Assignment ▸
Return the full listing unchanged, apart from leaving out its images.

Given data ▸
↓↓↓

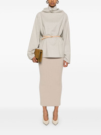 ribbed midi skirt Highlights - Beige - Wool-cashmere blend - Chunky ribbed knit - Ribbed waistband - Pencil silhouette - Straight hem - Mid-length Imported Composition Wool 65%, Cashmere 28%, Polyamide 6%, Elastane 1% Washing instructions Hand Wash
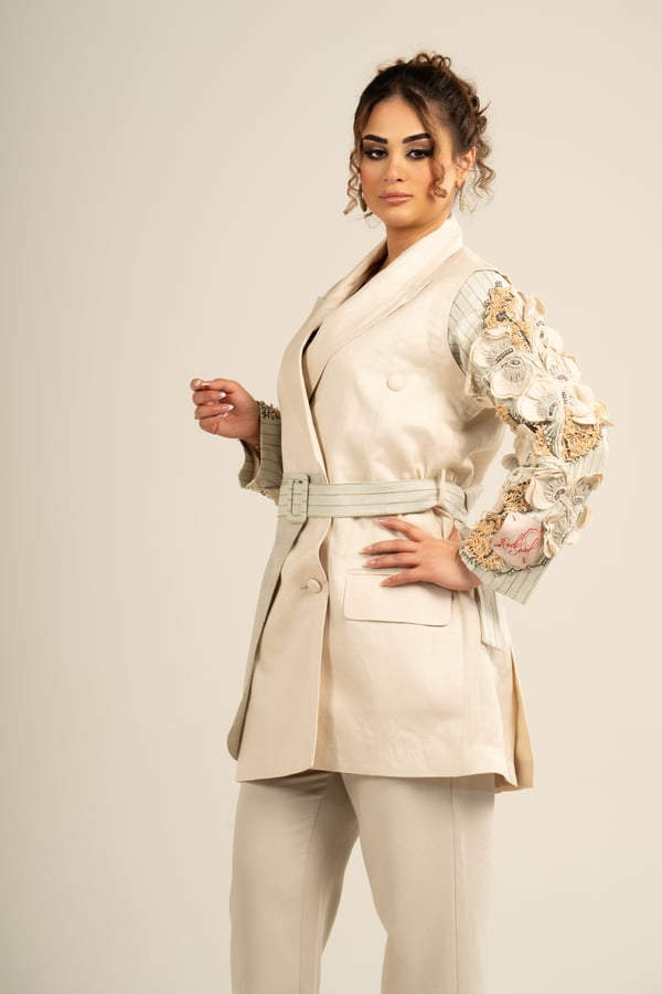 Luxurious striped linen blazer decorated with beautiful patterns, beads and threads on the sleeves
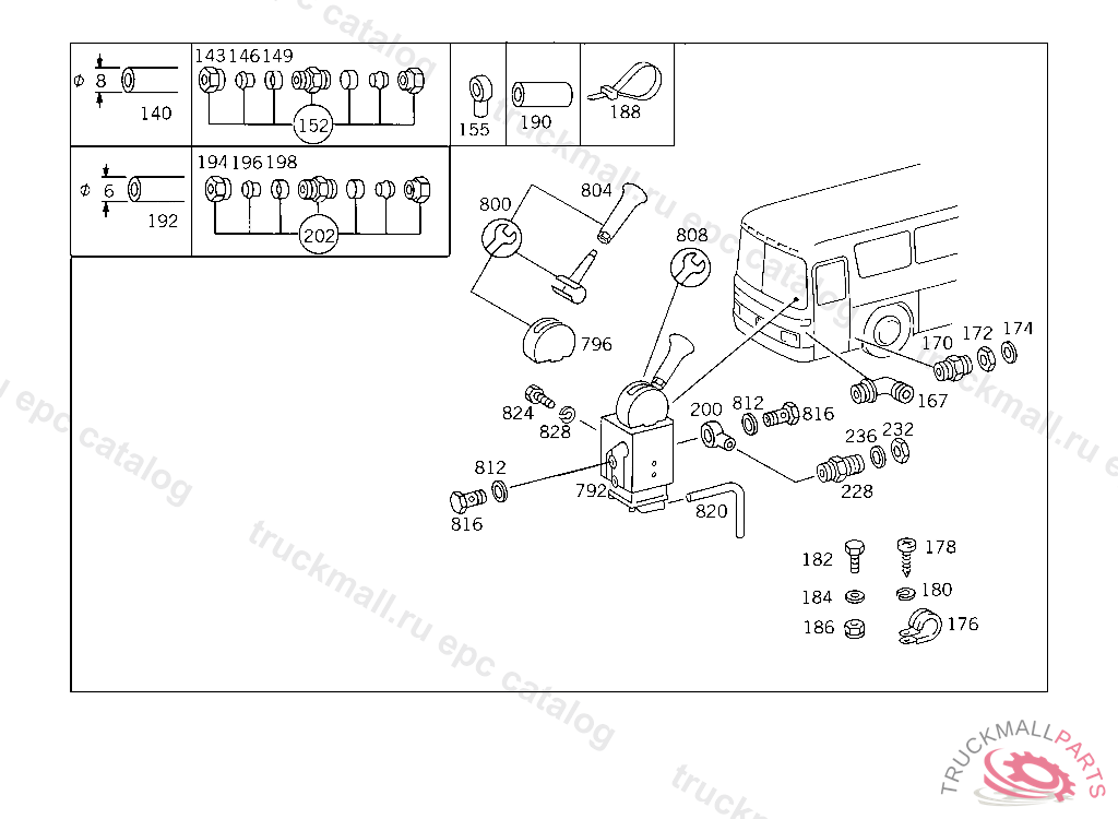 REPAIR KITTO 001 430 58 81/59 81,WABCO, WITH HAND BRAKE VALVE ON ENGINE TUNNEL, FROM IDENT NO. SEE MF 26032

↑↑↑

Task output ▸
 ribbed midi skirt Highlights - Beige - Wool-cashmere blend - Chunky ribbed knit - Ribbed waistband - Pencil silhouette - Straight hem - Mid-length Imported Composition Wool 65%, Cashmere 28%, Polyamide 6%, Elastane 1% Washing instructions Hand Wash
 Luxurious striped linen blazer decorated with beautiful patterns, beads and threads on the sleeves
 REPAIR KITTO 001 430 58 81/59 81,WABCO, WITH HAND BRAKE VALVE ON ENGINE TUNNEL, FROM IDENT NO. SEE MF 26032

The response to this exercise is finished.